They can be then used to normalize scores, very similarly to normalize_scores_df:

HEX_CE_norm <- normalize_scores_scoring(
  data = HEXACO_60,
  vars = c("HEX_C", "HEX_E"),
  HEX_C_Scoring,
  HEX_E_Scoring
)
summary(HEX_CE_norm)
str(HEX_CE_norm)

Groupings

Very often the norms are different for different groups: most often varying in some demographic variables, like biological sex or biological age. stenR functions provide support for such groups by intoducing Grouped variants of FrequencyTable and ScoreTable (regular ScoringTable supports them) and GroupConditions class.

GroupConditions works similarly to ScaleSpec and CombScaleSpec objects: it provides information about how to assign observations. They need the name of category (mainly for informative reasons) and conditions following the syntax of name of the group on the LHS and boolean condition on the RHS.

sex_grouping <- GroupConditions(
  conditions_category = "Sex",
  "M" ~ sex == "M",
  "F" ~ sex == "F"
)
age_grouping <- GroupConditions(
  conditions_category = "Age",
  "to 30" ~ age < 30,
  "above 30" ~ age >= 31
)
sex_grouping
age_grouping

They can be then used to create a GroupedFrequencyTable, and following that: GroupedScoreTable and, optionally, ScoringTable - or to create ScoringTable during import.

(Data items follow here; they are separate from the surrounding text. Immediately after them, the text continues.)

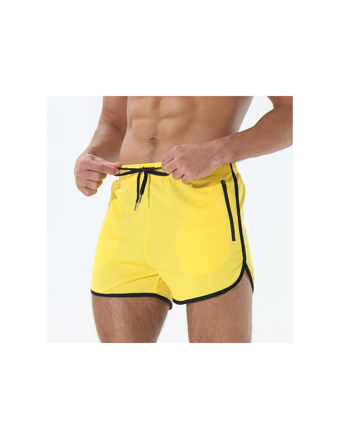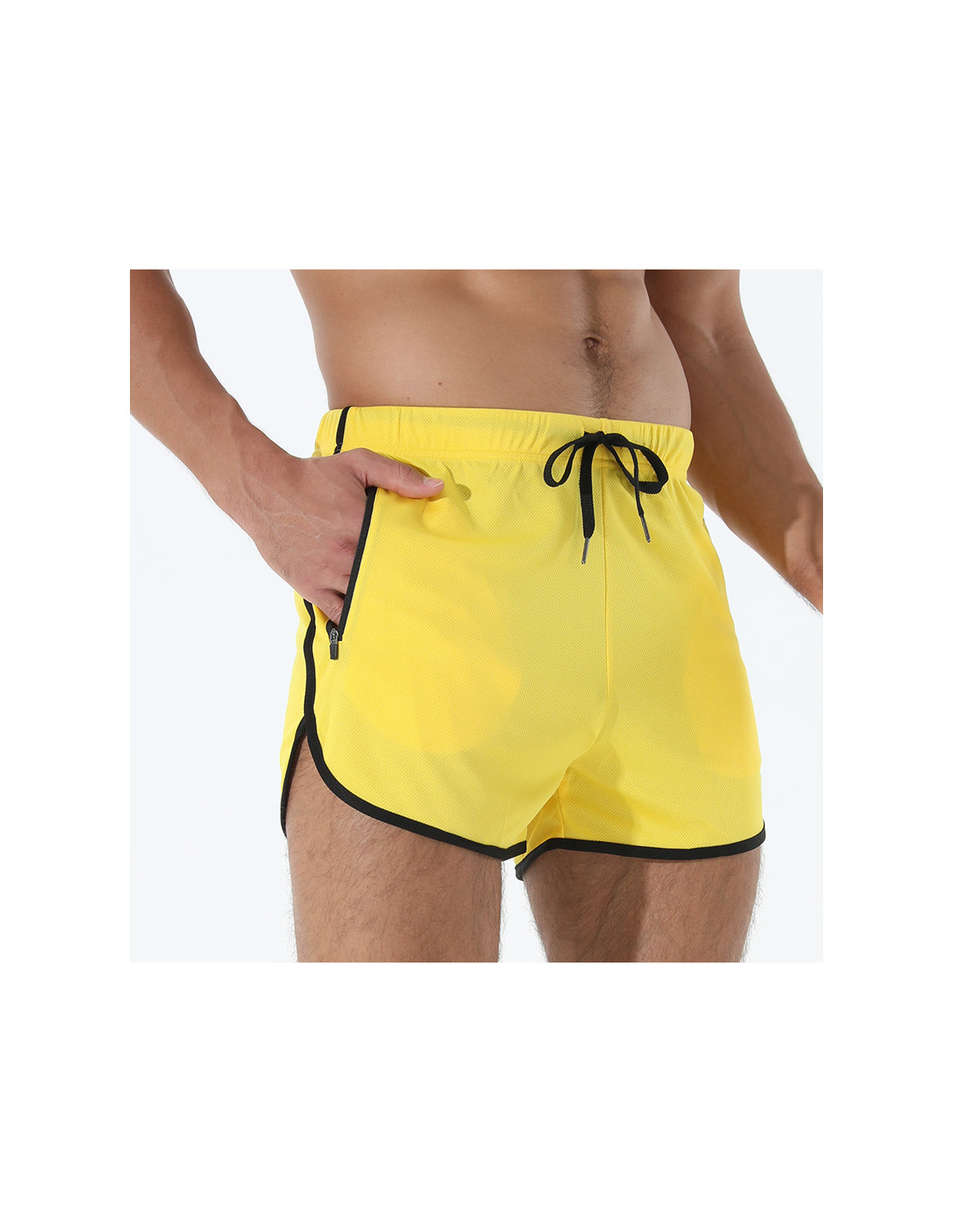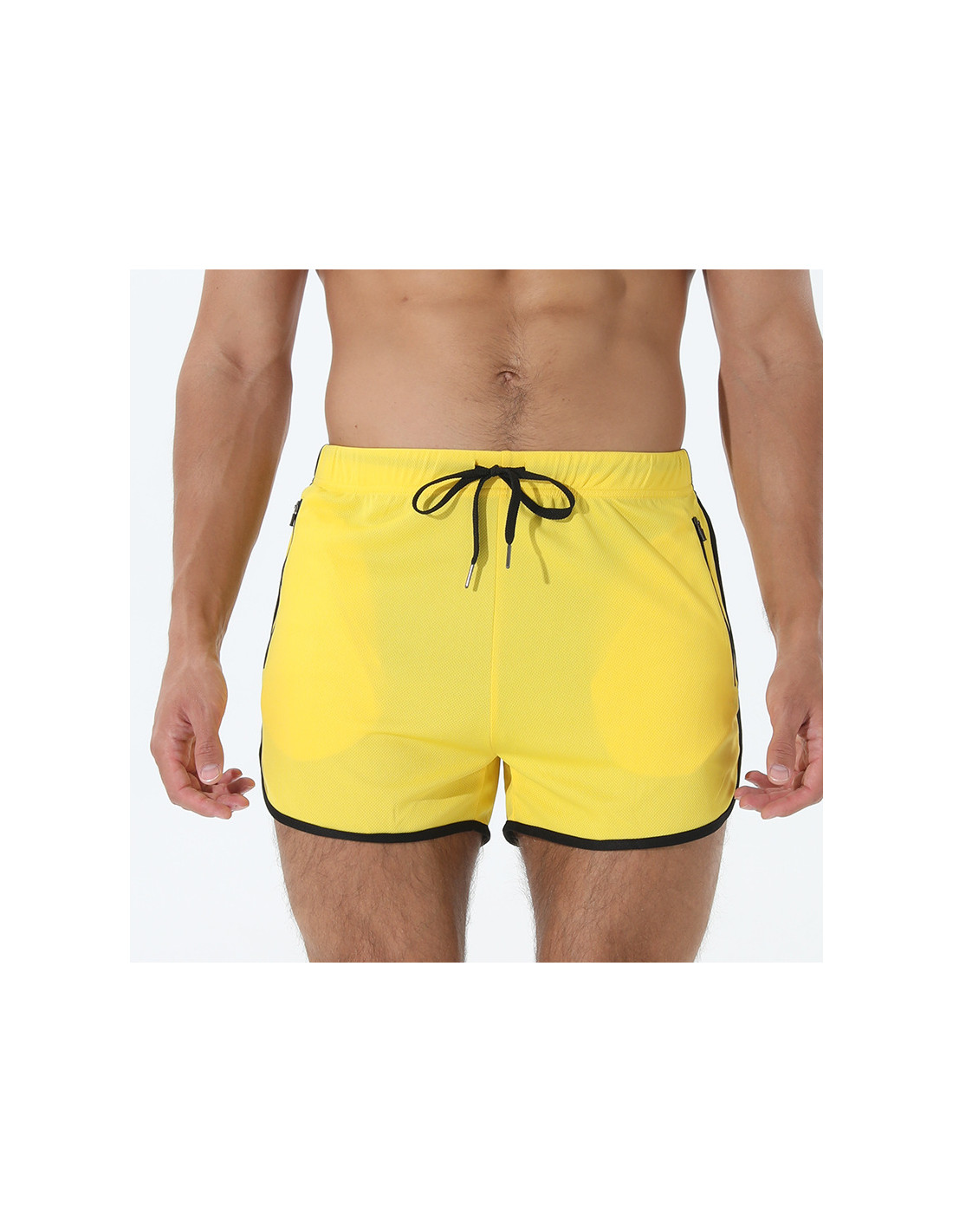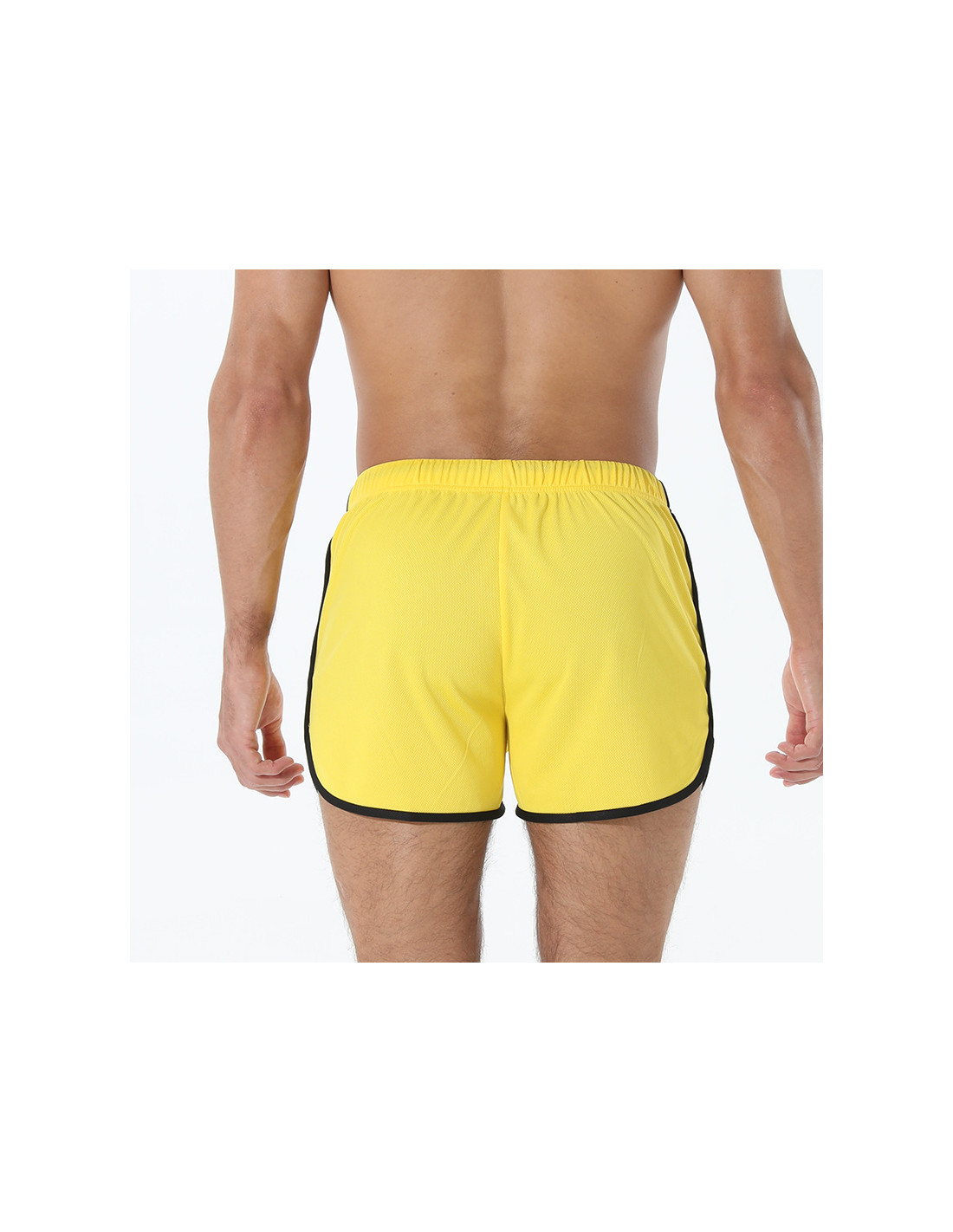 Яркие короткие мужские спортивные шорты желтого цвета для интенсивных тренировок. Легкая сетчатая ткань хорошо проветривается, быстро отводит влагу и быстро сохнет. Подходят для бега, кроссфита, фитнеса и занятий в спортзале.
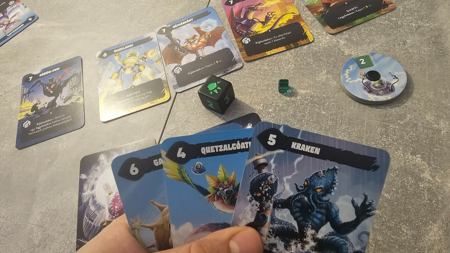 És ettől lesz a Mindbug x Tokió királya egyszerre vonzóbb és egy hajszállal kevésbé elegáns, mint az Első találkozás. Vonzóbb, mert a Tokió királya szörnyei, az energiakockák és a dobások azonnal rátesznek még egy réteg látványos káoszt az alapokra. Már nem csak azon izgulsz, hogy ellopják-e a bestiádat, hanem azon is, hogy mikor jön ki egy jó dobás, mikor érdemes energiát gyűjteni, és melyik erőkártya boríthatja meg leginkább az állást. Ez a verzió hangosabb, direktebb és valamivel filmszerűbb, jobban rájátszik arra az örömre, amit a Tokió királya amúgy is tud: óriásszörnyek egymásnak mennek, az asztalon meg percek alatt elszabadul a káosz. Ugyanakkor épp emiatt picit távolabb is kerül attól a pengeélen táncoló tisztaságtól, ami az Első találkozást annyira erőssé tette. Itt több a külső inger, több a kis mini-jutalom, több a harsány csinnadratta, és ez sokaknak pont jobb lesz, másoknak viszont már egy fokkal kevésbé feszes.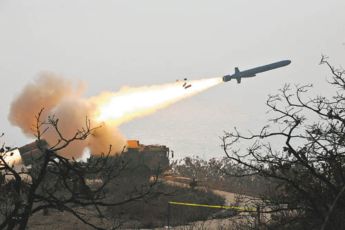 遼東海岸一個偏僻的山坳里,隨著指揮員“5、4、3、2、1、發(fā)射!”一連串指令的發(fā)出,某新型導(dǎo)彈噴射著烈焰撕破海空,撲向數(shù)百公里外的“敵艦”。

For this examples we will be using IPIP_NEO_300 dataset provided with the package. It contains the age and sex variables, and summed raw scores of 5 scales from IPIP NEO questionnaire (300 item version).

str(IPIP_NEO_300)
  1. GroupedFrequencyTable, GroupedScoreTable and ScoringTable export

    Workflow is very similiar to the ungrouped tables.

    r N_gft <- GroupedFrequencyTable( data = IPIP_NEO_300, conditions = list(age_grouping, sex_grouping), var = "N", # By default, norms are are also computed for '.all' groups. These are # used if by any reason observation can't be assigned to any group # in corresponding condition category .all = TRUE ) N_gst <- GroupedScoreTable(N_gft, scale = STEN) plot(N_gst) GroupedScoreTable can be then used to normalize scores using normalize_scores_grouped(). By default, other variables are not retained. You can also provide column name to contain the assigned group names per observation.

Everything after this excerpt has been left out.